Learning rate: In the beginning of learning a big momentum will only hinder your progress, so it makse sense to use something like 0.01 and once all the high gradients disappeared you can use a bigger momentom.

Challenges: There is one problem with momentum: when we are very close to the goal, our momentum in most of the cases is very high and it does not know that it should slow down. This can cause it to miss or oscillate around the minima

\begin{eqnarray} v &=& \alpha v - \epsilon \nabla_\theta \big(\frac{1}{m}\sum_i L(f(x^{(i)};\theta), y^{(i)}) \big)
\theta &=& \theta + v \end{eqnarray}

## Nesterov Momentum

Nesterov Momentum inspired by Nesterov’s accelerated gradient method. Nesterov’s momentum the gradient is evaluated after the current velocity is applied, thus Nesterov’s momentum adds a correction factor to the gradient.

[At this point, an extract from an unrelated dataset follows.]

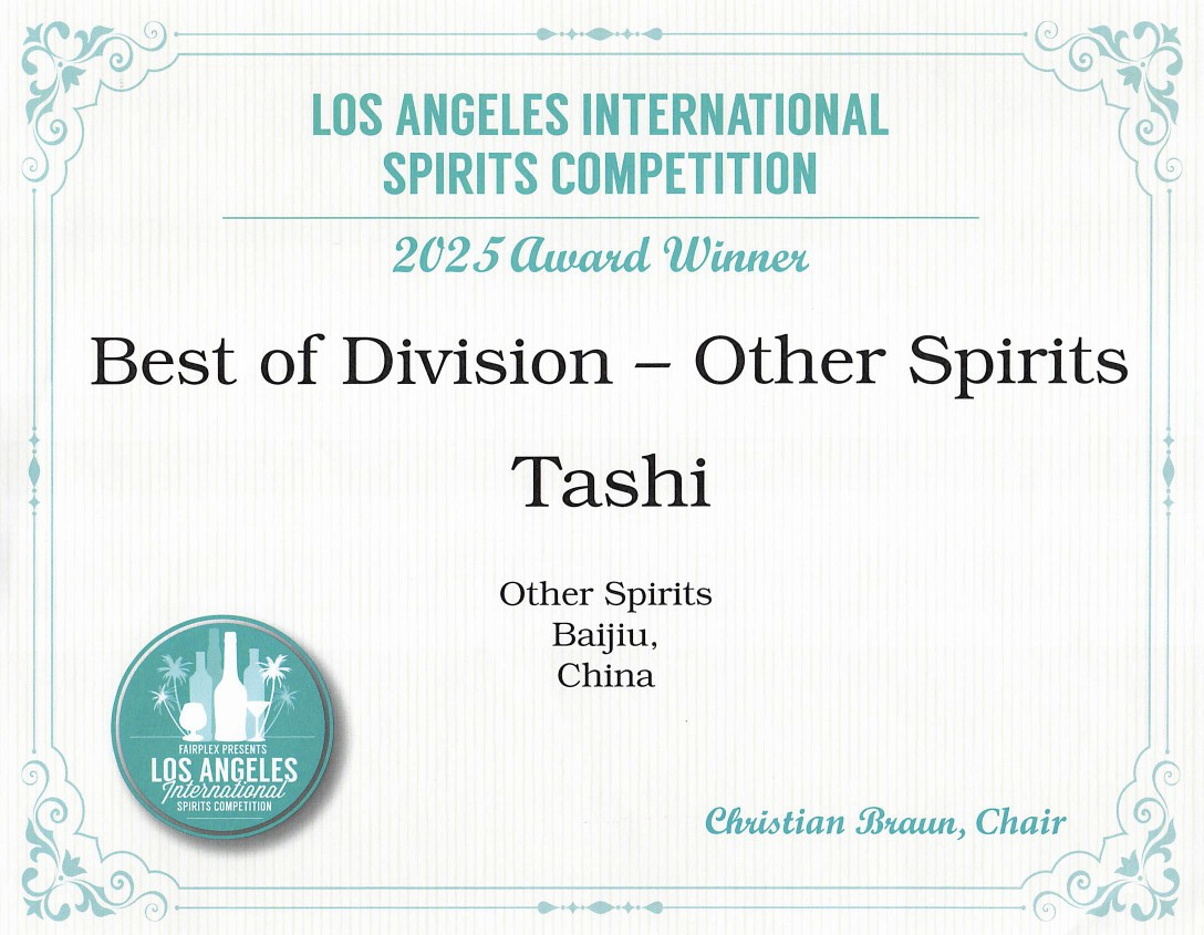 Los Angeles, California — Tashi Baijiu, "The Spirit of Tibet" has once again claimed international acclaim by winning the Best of Division – Other Spirits at the prestigious 2025 Los Angeles International Spirits Competition. This marks the third major win in the past 12 months, with Tashi previously awarded Best of Division, Best White Spirit of the Year, and Best of Class at other leading global competitions.

In momentum we first compute gradient and then make a jump in that direction amplified by whatever momentum we had previously. NAG does the same thing but in another order: at first we make a big jump based on our stored information, and then we calculate the gradient and make a small correction. This seemingly irrelevant change gives significant practical speedups: \begin{eqnarray} v &=& \alpha v - \epsilon \nabla_\theta \big(\frac{1}{m}\sum_i L(f(x^{(i)};\theta + \alpha \times v), y^{(i)}) \big)
\theta &=& \theta + v \end{eqnarray}

AdaGrad adapts the learning rates of all model parameters, learning rate is inversely proportional to the square root of the sum of historical squared values.
Use case: It performs larger updates for infrequent parameters and smaller updates for frequent one. Because of this it is well suited for sparse data (NLP or image recognition). Advantage: Another advantage is that it basically illiminates the need to tune the learning rate. Weights that receive high gradients will have their effective learning rate reduced, while weights that receive small or infrequent updates will have their effective learning rate increased. Challenges: This causes the biggest problem: at some point of time the learning rate is so small that the system stops learning \begin{eqnarray} g &=& \frac{1}{m}\nabla_\theta \sum_i L(f(x^{(i)};\theta), y^{(i)})
s &=& s + g^{T}g
\theta &=& \theta - \epsilon_k \times g / \sqrt{s+eps} \end{eqnarray}

## RMSProp

RMSProp resolves the problem of monotonically decreasing learning rate. In RMSProp the learning rate is calculated approximately as one divided by the sum of square roots. At each stage you add another square root to the sum (exponential weighted moving average), which causes denominator to constantly decrease. In RMSProp instead of summing all past square roots it uses sliding window which discards history from the extreme past. use case: RMSProp has been shown to be an effective and practical optimization algorithm for deep neural networks: \begin{eqnarray} g &=& \frac{1}{m}\nabla_\theta \sum_i L(f(x^{(i)};\theta), y^{(i)})
s &=& \mathrm{decay_rate}\times s + (1-\mathrm{decay_rate}) g^{T}g
\theta &=& \theta - \epsilon_k \times g / \sqrt{s+eps} \end{eqnarray}

Adam derives from “adaptive moments”, it can be seen as a variant on the combination of RMSProp and momentum but in addition to storing learning rates for each of the parameters it also stores momentum changes for each of them separately. The update looks like RMSProp except that a smooth version of the gradient is used instead of the raw stochastic gradient, the full adam update also includes a bias correction mechanism, recommended values in the paper are $\epsilon = 1e-8$, $\beta_1 = 0.9$, $\beta_2 = 0.999$: \begin{eqnarray} g &=& \frac{1}{m}\nabla_\theta \sum_i L(f(x^{(i)};\theta), y^{(i)})
m &=& \beta_1 m + (1-\beta_1) g
s &=& \beta_2 v + (1-\beta_2) g^{T}g
\theta &=& \theta - \epsilon_k \times m / \sqrt{s+eps} \end{eqnarray}

## Examples:

Let’s examing the performance of different optimizers using TensorFlow!

%matplotlib inline

import numpy as np
import tensorflow as tf
from tensorflow.examples.tutorials.mnist import input_data
from tensorflow.contrib.layers import variance_scaling_initializer

import seaborn as sns
import matplotlib.pyplot as plt


Let’s define the auxiliary functions that will help us define the neural network.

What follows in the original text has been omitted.